In the USA, a rare or orphan disease (OD) is defined as a disease that affects fewer than 200,000 inhabitants . According to an estimate, there are as many as 8000 ODs, many of which are known to be of genetic origin, affect children at a very early age and are life-threatening and/or chronically debilitating [2, 3]. Although, the advent of next-generation sequencing technologies accelerates the disease gene discovery pipeline, the prioritization of candidate genes is still a critical step for disease-gene identification . We , and several other earlier studies [6–9], have shown that genes associated with phenotypically close disorders tend to share molecular signatures which include similar expression profiles, participation in the same biological processes or pathways, protein interactions or complexes, literature co-citation. We have recently completed a global analysis of all ODs that have at least one known mutant gene associated (data from Orphanet  and the OMIM databases ) and show that the relationship between ODs cannot be fully captured by the gene-based network alone.
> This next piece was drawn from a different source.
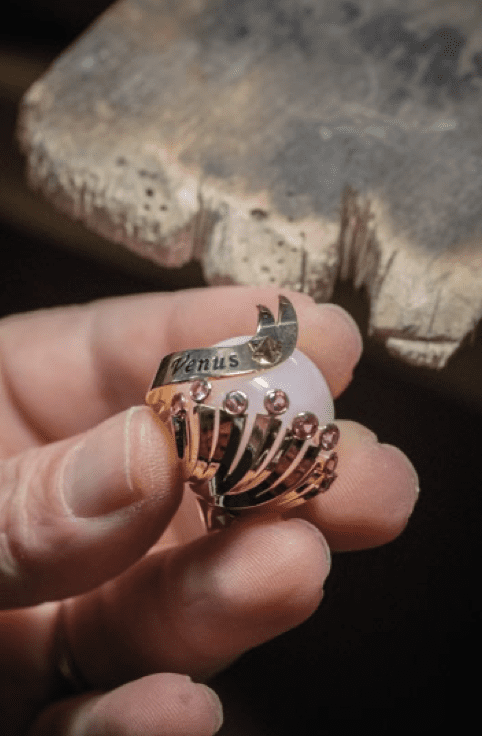 Se distinguant par ses importantes dimensions, l’automate Planétarium met en scène le Soleil et les planètes de son système visibles à l’œil nu depuis la Terre. Grâce à un mouvement mécanique complexe, chaque astre se déplace conformément à son temps de rotation réel. La Lune tourne elle-même autour de la Terre en 27,3 jours, animant l’objet d’un mouvement perceptible jour après jour. L’objet de table, doté d’un module planétarium ainsi que d’une animation à la demande permet de faire danser les astres autant de fois que souhaité. Sous le globe de l’automate – soufflé sur mesure pour l’objet –, une scène poétique prend vie. Au déclenchement de l’animation, une étoile filante fait son apparition en sortant d’une trappe et survole l’objet pour indiquer l’heure et les minutes sur un cadran 24 heures. Elle entraîne avec elle les planètes dans un ballet accompagné d’une mélodie cristalline.

Integrating diverse biomedical and genomic data types can facilitate hypotheses synthesis about disease causing mutant genes. Additionally, it can help in addressing an important question, namely, are there any candidate genes related to known causal genes for a disease? A useful way to approach this question is to rank the genes in a test set based on their similarity to a reference or 'seed' set. Such a "guilt by association" ranking approach has become an important way to prioritize candidate disease genes, such as the candidates found in genome-wide association or linkage studies . The genes within a locus shown to be linked to a particular disease, for example, can be prioritized based on their similarities to a reference set of known genes for that disease. We and others have developed several computational approaches which perform this task automatically [4, 13–23].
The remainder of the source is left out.